*AVAILABLE DATA*

[Start of section]

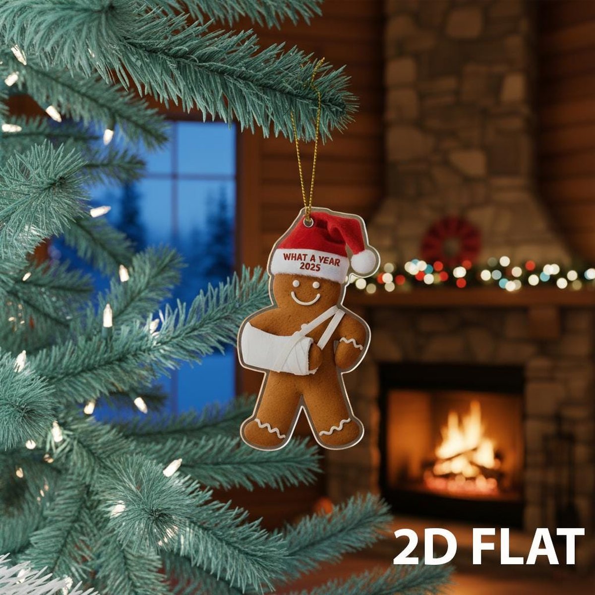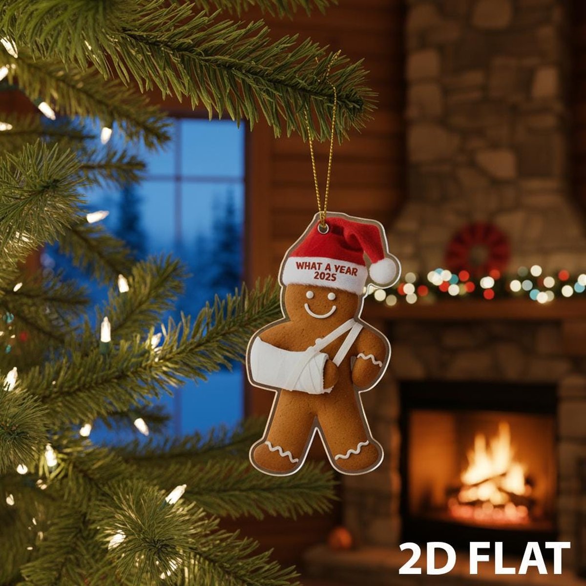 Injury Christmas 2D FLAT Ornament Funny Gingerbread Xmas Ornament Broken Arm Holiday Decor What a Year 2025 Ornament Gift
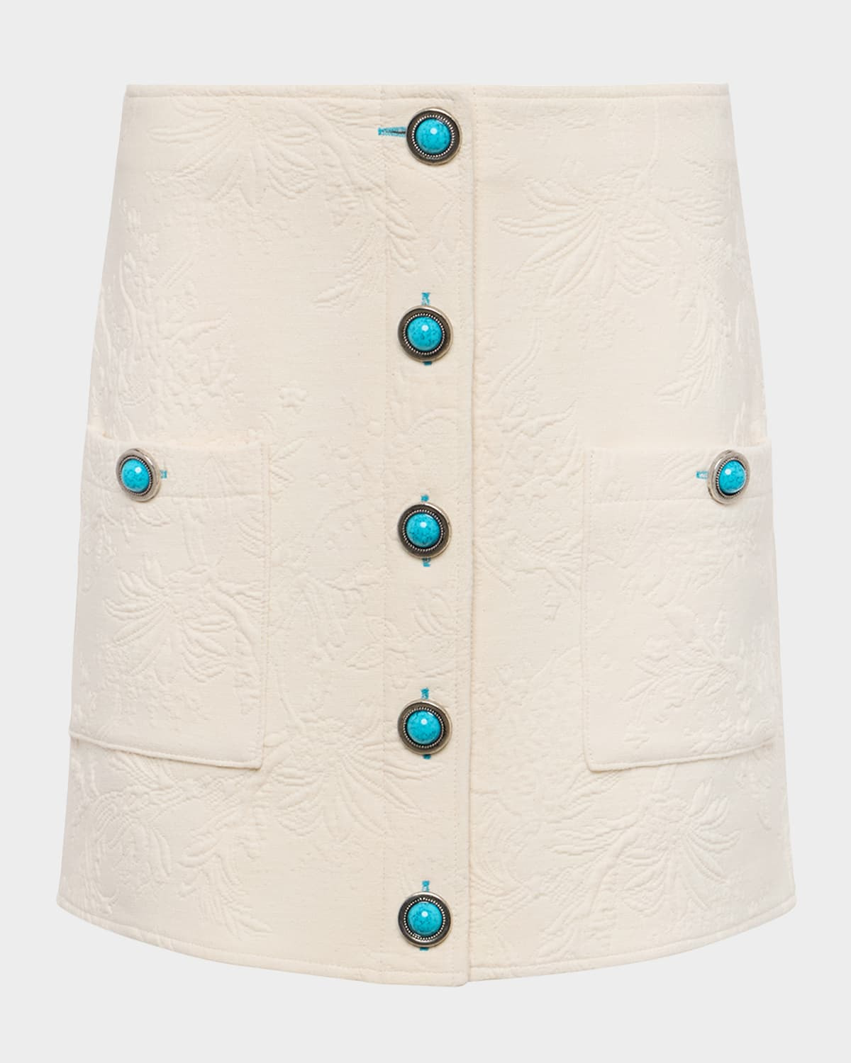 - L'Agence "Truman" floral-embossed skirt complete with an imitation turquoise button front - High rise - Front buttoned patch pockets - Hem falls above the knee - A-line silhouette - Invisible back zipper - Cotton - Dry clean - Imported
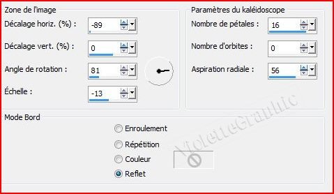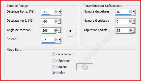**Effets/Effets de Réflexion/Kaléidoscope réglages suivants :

[End of section]

*PROBLEM TO SOLVE*
What the answer needs is every line from the one with "clean - Imported" through the last line of the data, reproduced word for word and with pictures omitted.

*SOLUTION*
 - L'Agence "Truman" floral-embossed skirt complete with an imitation turquoise button front - High rise - Front buttoned patch pockets - Hem falls above the knee - A-line silhouette - Invisible back zipper - Cotton - Dry clean - Imported
**Effets/Effets de Réflexion/Kaléidoscope réglages suivants :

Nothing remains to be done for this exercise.